» SUPPLIED INFORMATION

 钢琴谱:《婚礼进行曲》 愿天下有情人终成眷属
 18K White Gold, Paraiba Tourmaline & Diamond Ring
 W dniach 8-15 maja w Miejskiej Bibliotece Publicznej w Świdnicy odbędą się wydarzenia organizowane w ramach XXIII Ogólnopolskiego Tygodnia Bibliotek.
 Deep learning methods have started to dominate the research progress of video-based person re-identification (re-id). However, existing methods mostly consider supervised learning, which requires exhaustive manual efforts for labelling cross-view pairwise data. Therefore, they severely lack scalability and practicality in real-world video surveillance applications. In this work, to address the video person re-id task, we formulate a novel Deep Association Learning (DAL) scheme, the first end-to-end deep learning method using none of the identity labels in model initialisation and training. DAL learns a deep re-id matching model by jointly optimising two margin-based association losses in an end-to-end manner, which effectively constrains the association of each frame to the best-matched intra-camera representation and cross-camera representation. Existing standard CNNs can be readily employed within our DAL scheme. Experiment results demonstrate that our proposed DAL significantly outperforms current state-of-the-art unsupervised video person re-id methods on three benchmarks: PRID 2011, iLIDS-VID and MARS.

...

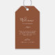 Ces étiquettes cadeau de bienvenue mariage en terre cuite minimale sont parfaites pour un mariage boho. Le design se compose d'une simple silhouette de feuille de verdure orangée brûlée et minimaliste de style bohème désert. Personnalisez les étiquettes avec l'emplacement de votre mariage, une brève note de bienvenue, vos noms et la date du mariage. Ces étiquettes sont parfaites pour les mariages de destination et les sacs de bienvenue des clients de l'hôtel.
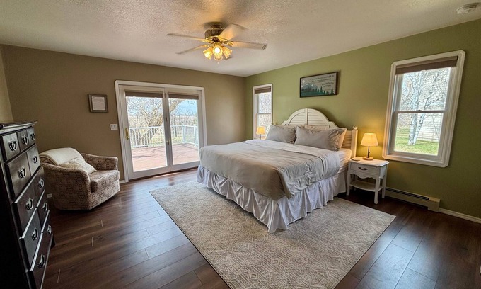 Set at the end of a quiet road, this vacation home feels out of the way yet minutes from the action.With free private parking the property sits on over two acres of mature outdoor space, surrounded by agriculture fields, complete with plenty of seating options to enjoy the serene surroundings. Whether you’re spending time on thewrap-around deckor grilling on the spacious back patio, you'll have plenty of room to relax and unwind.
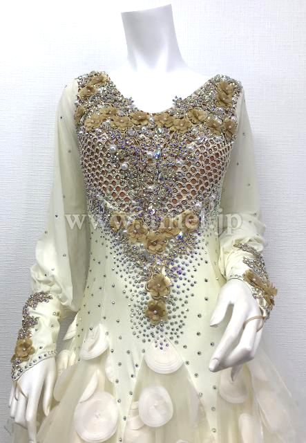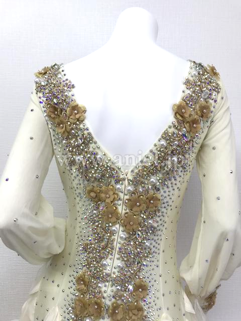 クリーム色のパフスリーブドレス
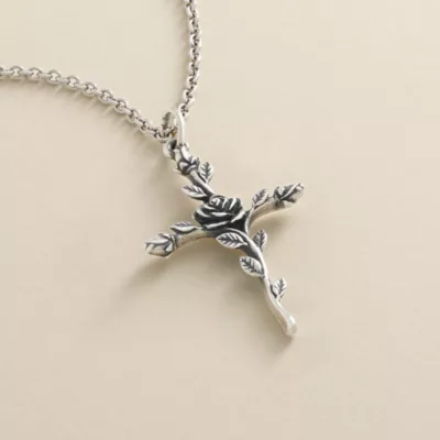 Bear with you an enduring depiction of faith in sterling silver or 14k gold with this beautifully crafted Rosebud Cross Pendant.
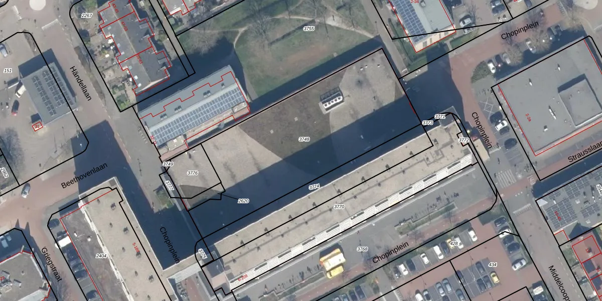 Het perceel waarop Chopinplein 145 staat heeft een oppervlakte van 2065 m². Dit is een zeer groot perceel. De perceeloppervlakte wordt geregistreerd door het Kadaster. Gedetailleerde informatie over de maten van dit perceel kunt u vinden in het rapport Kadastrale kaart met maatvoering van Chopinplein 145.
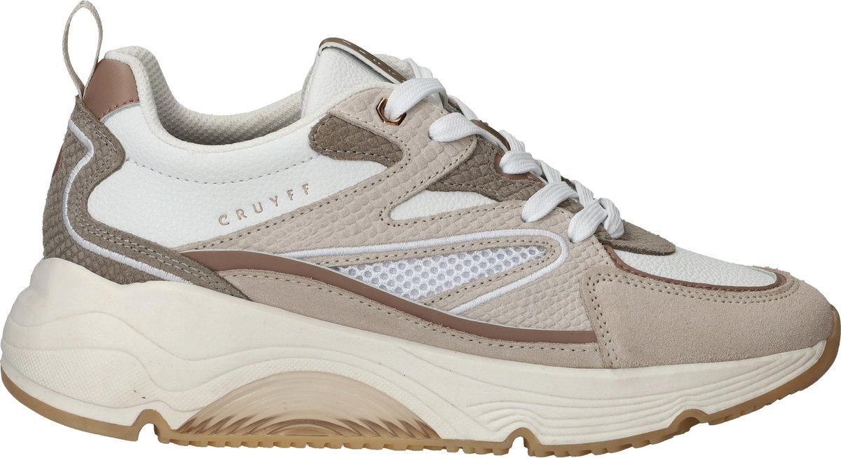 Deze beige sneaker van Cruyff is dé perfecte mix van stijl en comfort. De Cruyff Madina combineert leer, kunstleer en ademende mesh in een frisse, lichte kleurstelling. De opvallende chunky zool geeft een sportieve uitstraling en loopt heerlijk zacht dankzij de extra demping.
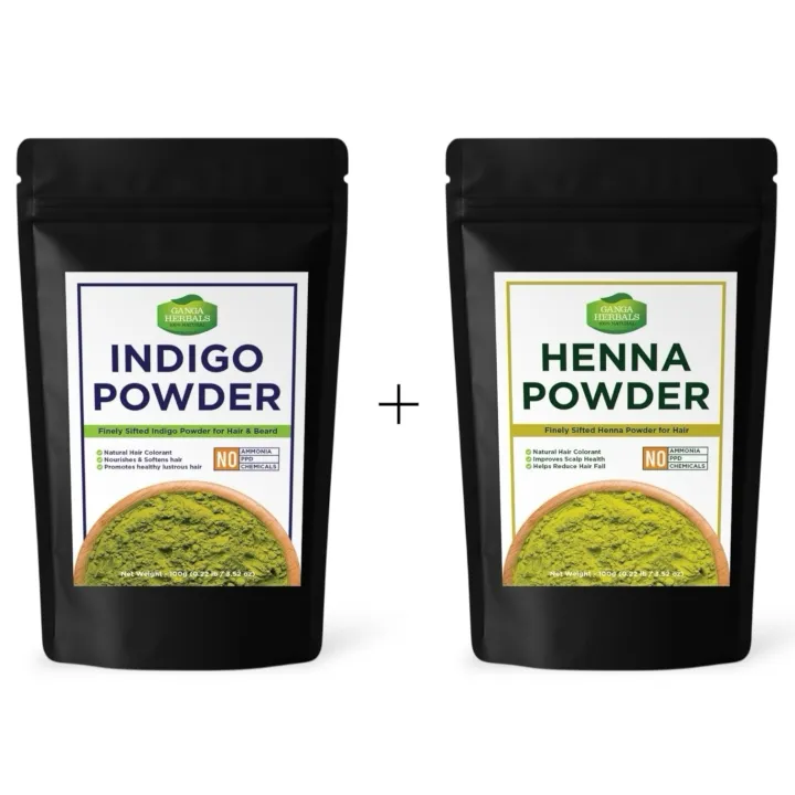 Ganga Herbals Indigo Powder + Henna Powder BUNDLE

==

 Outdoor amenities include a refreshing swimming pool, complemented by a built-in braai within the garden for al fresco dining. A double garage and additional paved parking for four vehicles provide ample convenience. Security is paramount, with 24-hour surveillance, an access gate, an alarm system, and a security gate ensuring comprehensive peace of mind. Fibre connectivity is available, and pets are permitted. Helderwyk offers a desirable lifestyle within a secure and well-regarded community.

» WHAT IS NEEDED
Extract exactly and only the lines above from the line containing "18K White Gold, Paraiba" through the line containing "Deep learning methods", both end lines included.

» OUTPUT
 18K White Gold, Paraiba Tourmaline & Diamond Ring
 W dniach 8-15 maja w Miejskiej Bibliotece Publicznej w Świdnicy odbędą się wydarzenia organizowane w ramach XXIII Ogólnopolskiego Tygodnia Bibliotek.
 Deep learning methods have started to dominate the research progress of video-based person re-identification (re-id). However, existing methods mostly consider supervised learning, which requires exhaustive manual efforts for labelling cross-view pairwise data. Therefore, they severely lack scalability and practicality in real-world video surveillance applications. In this work, to address the video person re-id task, we formulate a novel Deep Association Learning (DAL) scheme, the first end-to-end deep learning method using none of the identity labels in model initialisation and training. DAL learns a deep re-id matching model by jointly optimising two margin-based association losses in an end-to-end manner, which effectively constrains the association of each frame to the best-matched intra-camera representation and cross-camera representation. Existing standard CNNs can be readily employed within our DAL scheme. Experiment results demonstrate that our proposed DAL significantly outperforms current state-of-the-art unsupervised video person re-id methods on three benchmarks: PRID 2011, iLIDS-VID and MARS.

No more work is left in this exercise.